Ana Karenina IV/Capítulo XX
Capítulo XX
Karenin se despidió de Betsy en la sala y volvió al lado de su mujer. Ana estaba tendida en el diván, pero al sentir los pasos de su marido recobró precipitadamente su posición anterior y le miró con temor. Alexey Alejandrovich notó que ella había llorado.
–Te agradezco tu confianza en mí –dijo, repitiendo en ruso lo que dijera ante Betsy en francés.
Y se sentó a su lado.
Cuando Karenin hablaba en ruso y le tuteaba, este «tú» producía en Ana un irresistible sentimiento de irritación.
–Agradezco mucho tu decisión. Creo también que, puesto que se marcha, no hay necesidad alguna de que el príncipe Vronsky venga aquí. De todos modos...
–Sí, ya lo he dicho yo. ¿Para qué insistir? –interrumpió de pronto Ana.
«¡No hay ninguna necesidad», pensaba, «de que venga un hombre para despedirse de la mujer a quien ama, por la que quiso matarse, por la que ha deshecho su vida! ¡La mujer que no puede vivir sin él! ¡Y dice que no hay ninguna necesidad!».
Ana apretó los labios y puso la mirada de sus ojos brillantes en las manos de Alexey Alejandrovich, con sus venas hinchadas, que en aquel momento se frotaba lentamente una contra otra.
–No hablemos más de esto –añadió, más sosegada.
–Te he dejado resolver la cuestión por ti misma y me alegro de que... ––empezó Alexey Alejandrovich.
–De que mi deseo coincida con el suyo –concluyó Ana, molesta de que su marido hablara tan despacio cuando ella sabía bien lo que iba a decirle.
–Sí –afirmó él– Y la princesa Tverskaya hace mal en intervenir en los asuntos de una familia ajena, que son siempre delicados... Sobre todo, ella...
–No creo nada de lo que murmuran de Betsy –interrumpió precipitadamente Ana–. Sólo sé que me quiere sinceramente.
Alexey Alejandrovich suspiró y calló. Ana jugueteaba, inquieta, con las borlas de su bata, mirando a su marido con el doloroso sentimiento de repulsión física que tanto se reprochaba pero que no podía dominar. Ahora no deseaba más que una cosa: verse libre de su desagradable presencia.
–He enviado a buscar al médico –dijo Karenin.
–Me encuentro bien. ¿Para qué necesito al médico?
–La pequeña sigue quejándose y aseguran que la nodriza tiene poca leche.
–¿Por qué no me permitiste que la amamantase cuando te lo rogué?
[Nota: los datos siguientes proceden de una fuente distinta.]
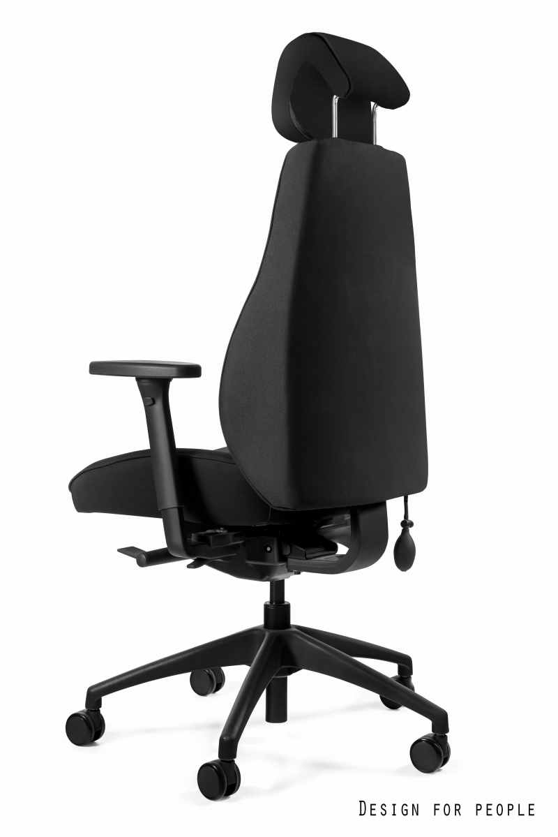 FOTEL OBROTOWY ERGOTHRONE Z PODNÓŻKIEM / CZARNY Dane techniczne: Zagłówek, oparcie i siedzisko tapicerowane wysokiej jakości siatką Mechanizm samoważący SYNCHRON Regulowane podłokietniki góra-dół, przód-tył, wychylenie na boki Regulowana wysokość oparcia i zagłówka Regulowana wysokość oparcia dla kręgów lędźwiowych Podstawa jezdna wykonana z lakierowanego aluminium w kolorze czarnym Fotel wyposażony w wygodny podnóżek (maksymalne obciążenie podnóżka do 45 kg) kolorystyka czarny Wymiary: Obciążenie 130 kg Gwarancja: 3 lata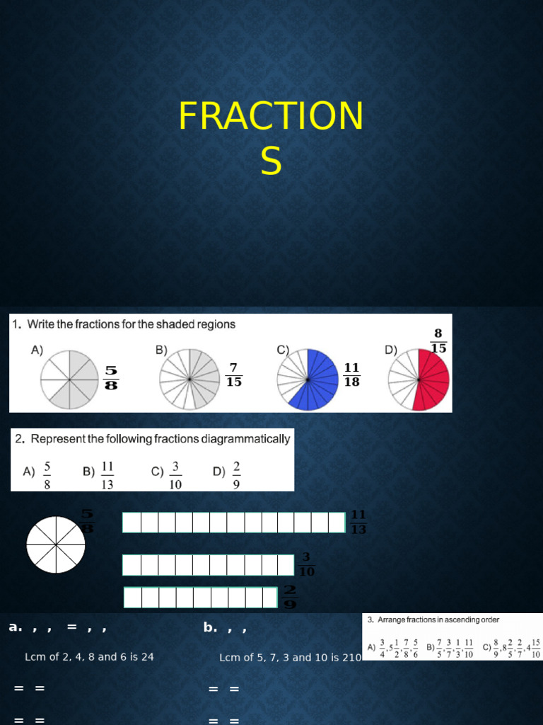 Lcm of 2, 4, 8 and 6 is 24 Lcm of 5, 7, 3 and 10 is 210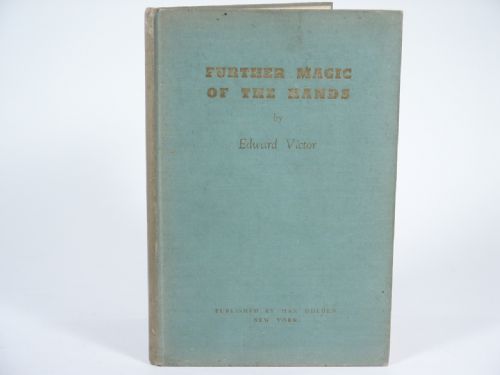 | Published by Max Holden. Edward Victor, 1946, cloth bound, gilt stamping, 112 pages, illustrations and photos. An explanation of new sleights and magical effects with *Cards *Coins *Ropes *Cigars *Thimbles *Cigarettes *Billiard Balls *Handkerchiefs and miscellaneous articles being a book dedicated "To all lovers of the art of sleight of hand". Chapters: Sleights and Aids in Card Work, Some Fresh Card Effects, On Coins, On Ropes, On Billiard Balls, On Cigars and Cigarettes, G W Hunter's Card Effects, Miscellaneous Effects. Condition light soil to cover, otherwise fine. | |

Pero da igual: a la niña la matarán.
Alexey Alejandrovich comprendió muy bien lo que significaba aquel «da igual».
Ana llamó y mandó que le trajesen a la niña.
–Pedí –dijo– que se me dejase amamantarla; no se me dejó hacerlo y ahora se me reprocha.
–No te lo reprocho, Ana.
–¡Sí me lo reprocha usted! ¡Dios mío! ¿Por qué no habré muerto? –sollozó Ana–. Perdóname; estoy irritada y hablo sin razón. Déjame sola ahora, haz el favor –dijo, recobrando la serenidad.
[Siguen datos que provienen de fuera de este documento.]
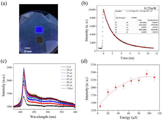 The direct observation of PL emissions from 2D perovskite films was achieved by taking photographs of the glass substrate without and with the growing film on top, as shown in Figure 7a. Homogeneous PL emissions with a large area substrate (1.23 × 1.23 cm2) of the fabricated 2D perovskite film could possibly offer a way to approach scalable, true blue, organic LEDs. The PL lifetime of fabricated (C4H9NH3)2PbBr4 2D perovskite was measured using the TCSPC method, for which a 375 nm picosecond laser wavelength was used for excitation, as shown in Figure 7b. The decay curve showed a bi-exponential feature with lifetimes of 1.45 and 3.93 ns. The PL properties of the 2D perovskite film was further studied by performing an additional excitation power-dependent PL measurement at room temperature, as shown in Figure 7c. An additional PL peak located at 460 nm and a PL shoulder of a longer wavelength appeared when the 2D perovskite film was under higher-energy laser irradiation. No obvious shift in the PL peak indicates a 2D perovskite film of a larger grain size [38]. The evolution of PL intensity dependent on pumping laser energy is shown in Figure 7d. The saturated PL intensity may be attributed to hot carrier recombination with excited donors and acceptors at higher energy levels [38].
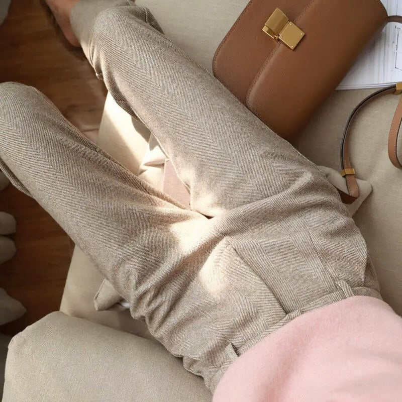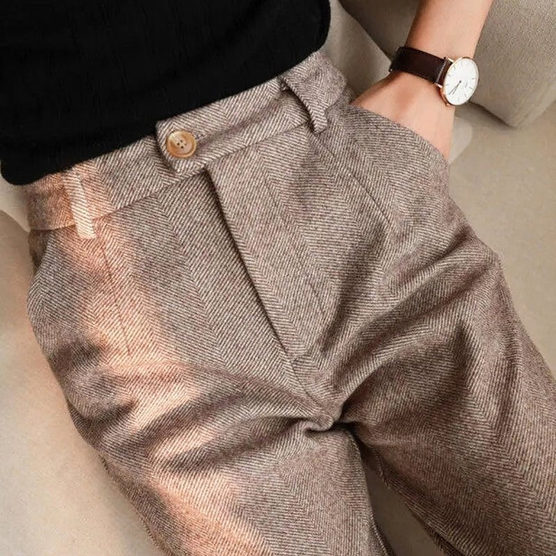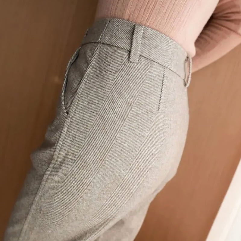 Die hohe Taille und die normale Passform bieten Komfort und kombinieren Eleganz mit Bewegungsfreiheit. Genießen Sie einen stilvollen Look, der Sie den ganzen Tag über begleitet.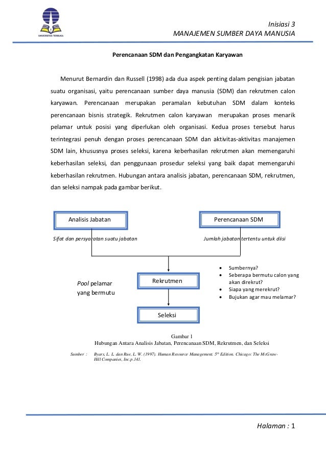 Urutannya dapat Anda lihat sebagai berikut. Mempekerjakan kandidat yang terpilih. 1 Perencanaan SDM dan Pengangkatan Karyawan Menurut Bernardin dan Russell 1998 ada dua aspek penting dalam pengisian jabatan suatu organisasi yaitu perencanaan sumber daya manusia SDM dan rekrutmen calon karyawan.

«Esto no puede continuar así» , se dijo resueltamente Alexey Alejandrovich al salir del cuarto de su mujer.
Jamás lo insostenible de su situación ante los ojos del gran mundo, jamás la aversión de su mujer hacia él, jamás todo el poder de aquella fuerza misteriosa que, contrapesando su estado de ánimo, guiaba su vida obligándole a ejecutar su voluntad y a cambiar sus relaciones con su mujer, jamás todo aquello se le presentó con tan absoluta claridad como en aquel momento.
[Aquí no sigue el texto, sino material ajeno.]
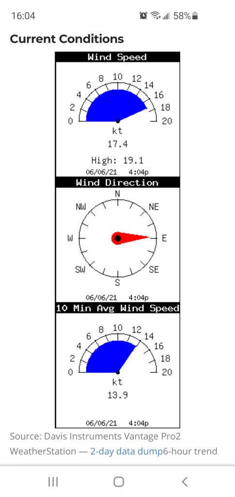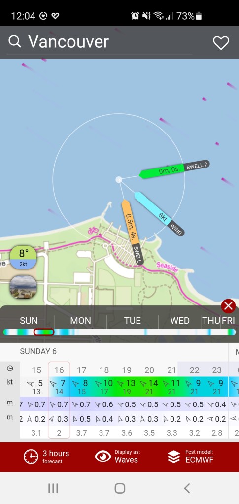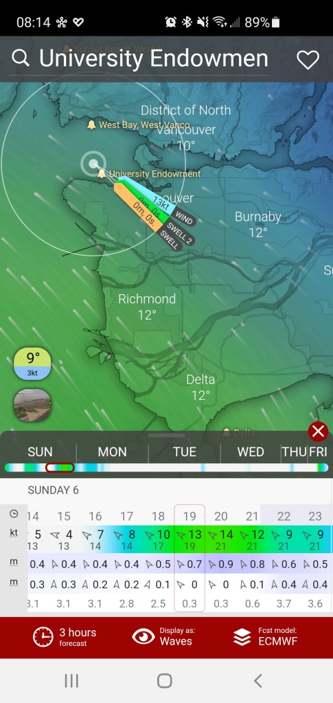 With the waves looking to be stronger earlier in the evening, we decided to aim for around 16:00 to launch. Just before leaving my place to meet Trevor, I checked the conditions on the Jericho Sailing Centre to get some real-time data. The wind was up and coming more from the east which would be to our advantage.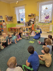 V úterý 18.11.2025 za námi přijela knihovnice, paní Jana Mazurová, DiS., z Městské knihovny Ladislava z Boskovic v Moravské Třebové. S dětmi interaktivně přečetla knížku "Chameleon Leon" od autorky Wattové Melanie. Děti si uvědomovaly výhody a nevýhody odlišnosti od ostatních.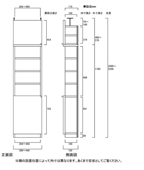 • ■外寸奥行19cm×高さ226~235cm×幅30~44cm(幅は1cm単位でオーダーできます)

Comprendía con toda evidencia que el mundo y su mujer exigían de él algo, aunque no pudiera decir concretamente qué. Y sentía elevarse en su alma un impulso de irritación que destruía su tranquilidad y anulaba el mérito de cuanto había hecho.
A su juicio, valía más para Ana romper sus relaciones con Vronsky; pero, si todos se empeñaban en que ello era imposible, estaba dispuesto hasta a permitirlas con tal que no se deshonrase el nombre de los niños, que no los perdiese, que no cambiase su situación. Por malo que ello fuese, peor era romper sus relaciones, poniendo a Ana en una posición sin salida, deshonrosa, y perdiendo él cuanto amaba.
Pero se sentía sin fuerzas. Sabía de antemano que todos estaban contra él y que no le permitirían hacer lo que ahora le parecía tan favorable y natural. Adivinaba que iban a forzarle a hacer lo que, siendo peor, a los demás les parecía necesario.